_EXERCISE DETAILS_
From the line that holds "Παράλληλα, πρέπει να" to the end of the records, reproduce every line exactly. No pictures.

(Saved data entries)
* * * * * * *
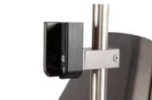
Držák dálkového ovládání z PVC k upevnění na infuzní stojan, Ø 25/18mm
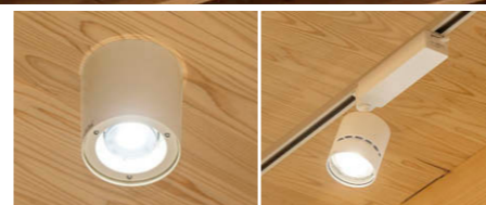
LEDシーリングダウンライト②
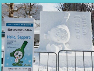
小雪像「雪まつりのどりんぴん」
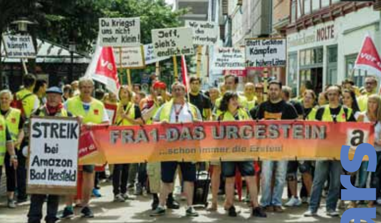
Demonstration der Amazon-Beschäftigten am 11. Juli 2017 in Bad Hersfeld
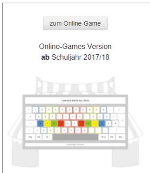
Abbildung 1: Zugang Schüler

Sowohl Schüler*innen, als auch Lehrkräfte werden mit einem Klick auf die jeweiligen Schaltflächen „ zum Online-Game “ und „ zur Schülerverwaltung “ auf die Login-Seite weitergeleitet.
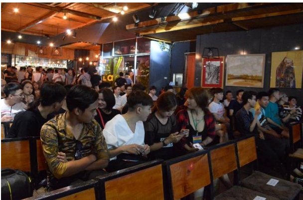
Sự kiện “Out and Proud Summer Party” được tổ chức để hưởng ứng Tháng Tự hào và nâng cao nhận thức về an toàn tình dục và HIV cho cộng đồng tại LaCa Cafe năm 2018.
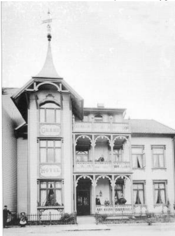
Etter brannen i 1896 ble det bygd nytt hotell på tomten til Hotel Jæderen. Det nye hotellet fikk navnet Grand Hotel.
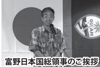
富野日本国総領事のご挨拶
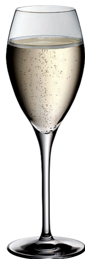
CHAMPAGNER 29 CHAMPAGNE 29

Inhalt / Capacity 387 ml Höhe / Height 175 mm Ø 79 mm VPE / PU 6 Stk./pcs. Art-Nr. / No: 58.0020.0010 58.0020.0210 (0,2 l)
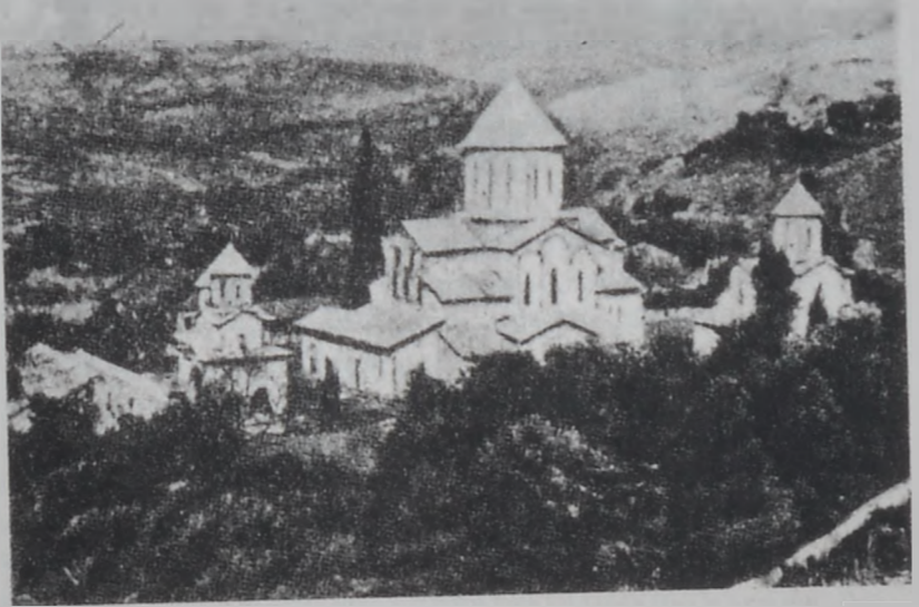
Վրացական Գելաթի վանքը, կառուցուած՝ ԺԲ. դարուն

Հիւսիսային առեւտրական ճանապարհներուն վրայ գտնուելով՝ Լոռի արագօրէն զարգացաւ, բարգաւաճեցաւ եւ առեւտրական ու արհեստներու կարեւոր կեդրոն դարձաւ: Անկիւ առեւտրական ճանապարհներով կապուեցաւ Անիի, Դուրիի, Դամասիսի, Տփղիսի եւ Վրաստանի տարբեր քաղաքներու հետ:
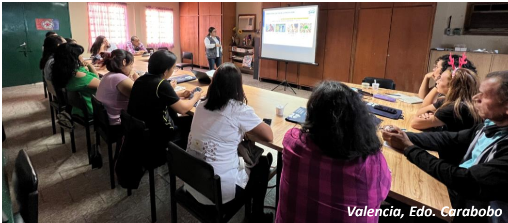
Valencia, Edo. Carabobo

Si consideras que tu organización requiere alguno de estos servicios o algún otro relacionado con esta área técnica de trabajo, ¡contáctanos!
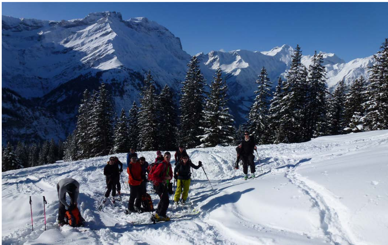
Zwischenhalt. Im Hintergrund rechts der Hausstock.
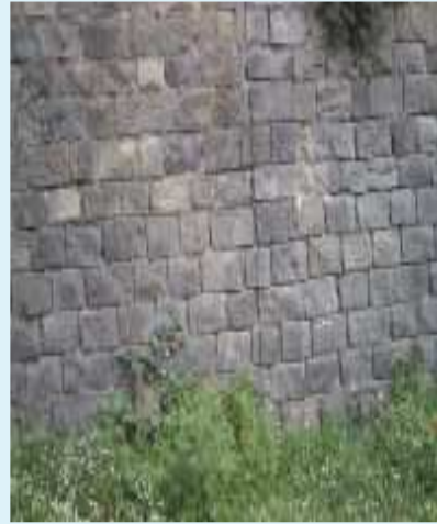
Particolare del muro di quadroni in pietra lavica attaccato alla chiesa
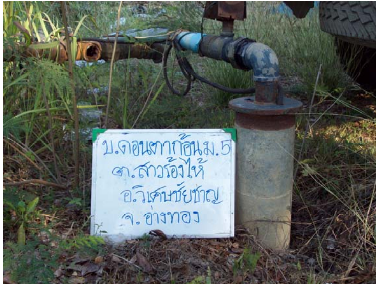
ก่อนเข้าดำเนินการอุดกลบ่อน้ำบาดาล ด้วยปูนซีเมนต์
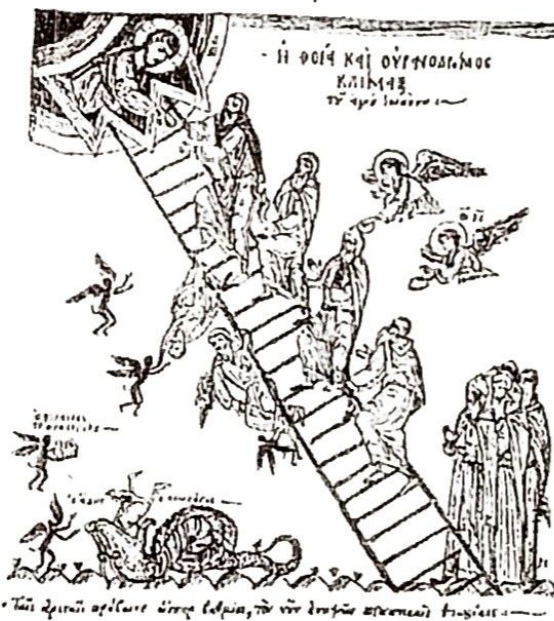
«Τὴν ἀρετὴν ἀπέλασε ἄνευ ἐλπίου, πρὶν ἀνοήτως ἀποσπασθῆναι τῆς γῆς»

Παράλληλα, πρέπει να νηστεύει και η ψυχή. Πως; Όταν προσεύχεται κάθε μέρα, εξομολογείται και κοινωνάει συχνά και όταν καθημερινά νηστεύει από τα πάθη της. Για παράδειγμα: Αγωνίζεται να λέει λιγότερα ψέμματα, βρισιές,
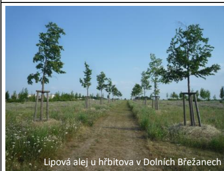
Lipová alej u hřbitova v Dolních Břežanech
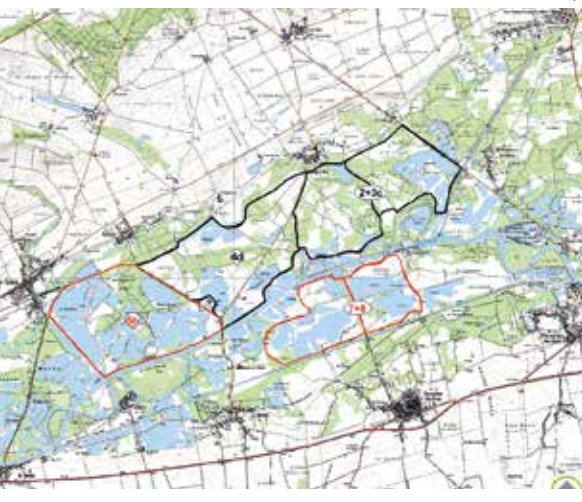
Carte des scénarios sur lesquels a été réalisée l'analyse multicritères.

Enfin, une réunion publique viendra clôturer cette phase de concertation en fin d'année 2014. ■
* * * * * * *
_ANSWER SECTION_
Παράλληλα, πρέπει να νηστεύει και η ψυχή. Πως; Όταν προσεύχεται κάθε μέρα, εξομολογείται και κοινωνάει συχνά και όταν καθημερινά νηστεύει από τα πάθη της. Για παράδειγμα: Αγωνίζεται να λέει λιγότερα ψέμματα, βρισιές,
Lipová alej u hřbitova v Dolních Břežanech
Carte des scénarios sur lesquels a été réalisée l'analyse multicritères.

Enfin, une réunion publique viendra clôturer cette phase de concertation en fin d'année 2014. ■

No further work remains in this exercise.